Re: [RFC][PATCH 12/13] sched/deadline: Introduce deadline servers
From: Juri Lelli
Date: Thu Aug 08 2019 - 05:27:51 EST
On 08/08/19 10:57, Dietmar Eggemann wrote:
> On 8/8/19 10:46 AM, Juri Lelli wrote:
> > On 08/08/19 10:11, Dietmar Eggemann wrote:
> >> On 8/8/19 9:56 AM, Peter Zijlstra wrote:
> >>> On Wed, Aug 07, 2019 at 06:31:59PM +0200, Dietmar Eggemann wrote:
> >>>> On 7/26/19 4:54 PM, Peter Zijlstra wrote:
> >>>>>
> >>>>>
> >>>>> Signed-off-by: Peter Zijlstra (Intel) <peterz@xxxxxxxxxxxxx>
> >>>>
> >>>> [...]
> >>>>
> >>>>> @@ -889,6 +891,8 @@ static void update_curr(struct cfs_rq *c
> >>>>> trace_sched_stat_runtime(curtask, delta_exec, curr->vruntime);
> >>>>> cgroup_account_cputime(curtask, delta_exec);
> >>>>> account_group_exec_runtime(curtask, delta_exec);
> >>>>> + if (curtask->server)
> >>>>> + dl_server_update(curtask->server, delta_exec);
> >>>>> }
> >>>>
> >>>> I get a lockdep_assert_held(&rq->lock) related warning in start_dl_timer()

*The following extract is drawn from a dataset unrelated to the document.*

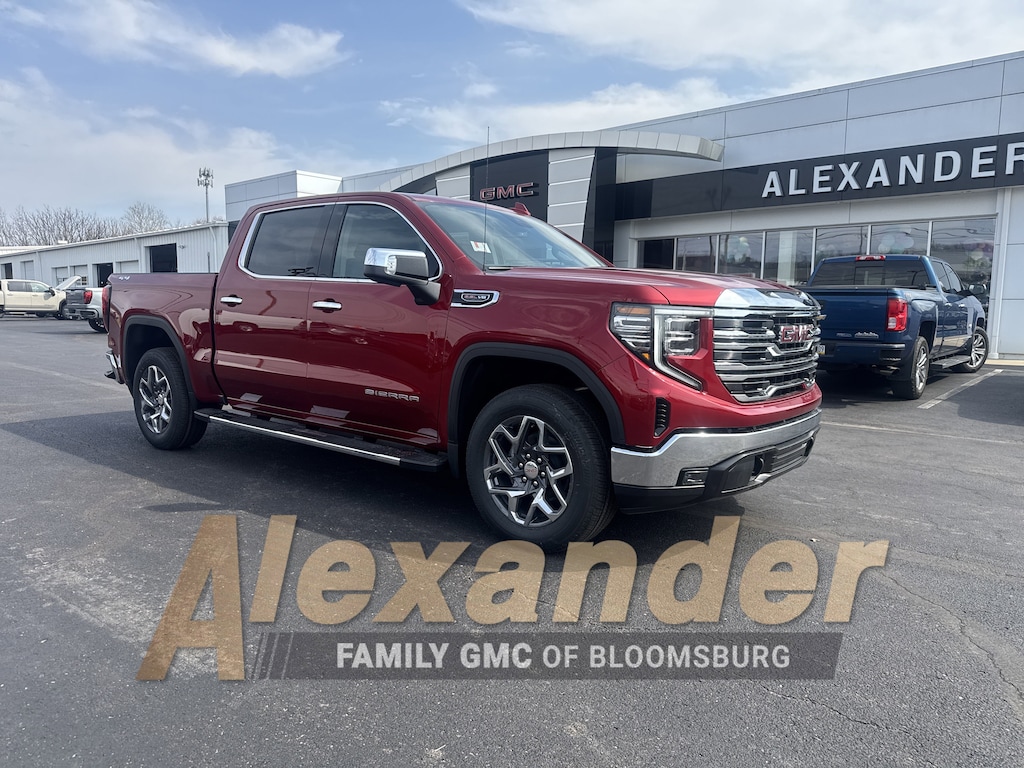 Volcanic Red 2026 GMC Sierra 1500 SLT 10-Speed Automatic, 4WD, Jet Blk Perforated Lth-Ap Leather. Standard Suspension Package, Trailering Package (Hitch Guidance), 10-Speed Automatic, 4WD, Jet Blk Perforated Lth-Ap Leather, 10-Way Power Driver Seat Adjuster with Lumbar, 10-Way Power Passenger Seat Adjuster with Lumbar, 120-Volt Bed Mounted Power Outlet, 120-Volt Interior Power Outlet, 170 Amp Alternator, 2 Charge/Data USB Ports, 2 Type-C Charge-Only Rear USB Ports, 3.23 Rear Axle Ratio, 4-Wheel Disc Brakes, 6 Speakers, 6-Speaker Audio System Feature, ABS brakes, Air Conditioning, Alloy wheels, AM/FM radio: SiriusXM with 360L, Apple CarPlay/Android Auto, Auto High-beam Headlights, Auto-dimming door mirrors, Auto-dimming Rear-View mirror, Auto-Locking Rear Differential, Automatic Emergency Braking, Automatic temperature control, Auxiliary External Transmission Oil Cooler, Brake assist, Buckle to Drive, Bumpers: chrome, Chrome Header and Chrome Grille Insert Bars, Color-Keyed Carpeting Floor Covering, Compass, Deep-Tinted Glass, Delay-off headlights, Driver door bin, Driver Memory, Driver vanity mirror, Dual front impact airbags, Dual front side impact airbags, Electric Rear-Window Defogger, Electronic Stability Control, Emergency communication system: OnStar, Following Distance Indicator, Forward Collision Alert, Front 40/20/40 Split-Bench Seat, Front anti-roll bar, Front Center Armrest w/Storage, Front dual zone A/C, Front fog lights, Front Frame-Mounted Black Recovery Hooks, Front Pedestrian Braking, Front Rain-Sensing Wipers, Front reading lights, Front wheel independent suspension, Fully automatic headlights, HD Rear Vision Camera, Heated door mirrors, Heated Driver and Front Outboard Passenger Seating, Heated front seats, Heated steering wheel, Illuminated entry, Integrated Trailer Brake Controller, IntelliBeam Automatic High Beam on/Off, Keyless Open and Start, Lane Keep Assist with Lane Departure Warning, LED Cargo Area Lighting, Low tire pressure warning, Manual Tilt-Wheel and Telescoping Steering Column, Memory seat, Navigation System, Occupant sensing airbag, OnStar Services Capable, Outside temperature display, Overhead airbag, Overhead console, Panic alarm, Passenger door bin, Passenger vanity mirror, Perforated Leather-Appointed Front Outboard Seat Trim, Perimeter Lighting, Power Door Locks, Power door mirrors, Power driver seat, Power Front Passenger Windows with Express Up/Down, Power Front Windows with Driver Express Up/Down, Power passenger seat, Power Rear Windows with Express Down, Power steering, Power windows, Push Button Start, Radio data system, Radio: Premium GMC Infotainment Audio System, Rain sensing wipers, Rear reading lights, Rear seat center armrest, Rear step bumper, Rear Wheelhouse Liners, Rear window defroster, Remote keyless entry, Remote Vehicle Starter System, Security system, SiriusXM with 360L Trial Subscription, Speed control, Speed-sensing steering, Split folding rear seat, Steering Wheel Audio Controls, Steering wheel mounted audio controls, Tachometer, Telescoping steering wheel, Theft Deterrent System (unauthorized Entry), Tilt steering wheel, Traction control, Trip computer, Variably intermittent wipers, Voltmeter, Wheels: 18 x 8.5 6-Spoke Machined Aluminum, Wi-Fi Hotspot Capable, and Wireless Apple CarPlay/Wireless Android Auto.

> >>>> when running the full stack.
> >>>
> >>> That would seem to imply a stale curtask->server value; the hunk below:
> >>>
> >>> --- a/kernel/sched/core.c
> >>> +++ b/kernel/sched/core.c
> >>> @@ -3756,8 +3756,11 @@ pick_next_task(struct rq *rq, struct tas
> >>>
> >>> for_each_class(class) {
> >>> p = class->pick_next_task(rq, NULL, NULL);
> >>> - if (p)
> >>> + if (p) {
> >>> + if (p->sched_class == class && p->server)
> >>> + p->server = NULL;
> >>> return p;
> >>> + }
> >>> }
> >>>
> >>>
> >>> Was supposed to clear p->server, but clearly something is going 'funny'.
> >>
> >> What about the fast path in pick_next_task()?
> >>
> >> diff --git a/kernel/sched/core.c b/kernel/sched/core.c
> >> index bffe849b5a42..f1ea6ae16052 100644
> >> --- a/kernel/sched/core.c
> >> +++ b/kernel/sched/core.c
> >> @@ -3742,6 +3742,9 @@ pick_next_task(struct rq *rq, struct task_struct *prev, struct rq_flags *rf)
> >> if (unlikely(!p))
> >> p = idle_sched_class.pick_next_task(rq, prev, rf);
> >>
> >> + if (p->sched_class == &fair_sched_class && p->server)
> >> + p->server = NULL;
> >> +
> >
> > Hummm, but then who sets it back to the correct server. AFAIU
> > update_curr() needs a ->server to do the correct DL accounting?
>
> Ah, OK, this would kill the whole functionality ;-)
>
I'm thinking we could use &rq->fair_server. It seems to pass the point
we are discussing about, but then virt box becomes unresponsive (busy
loops).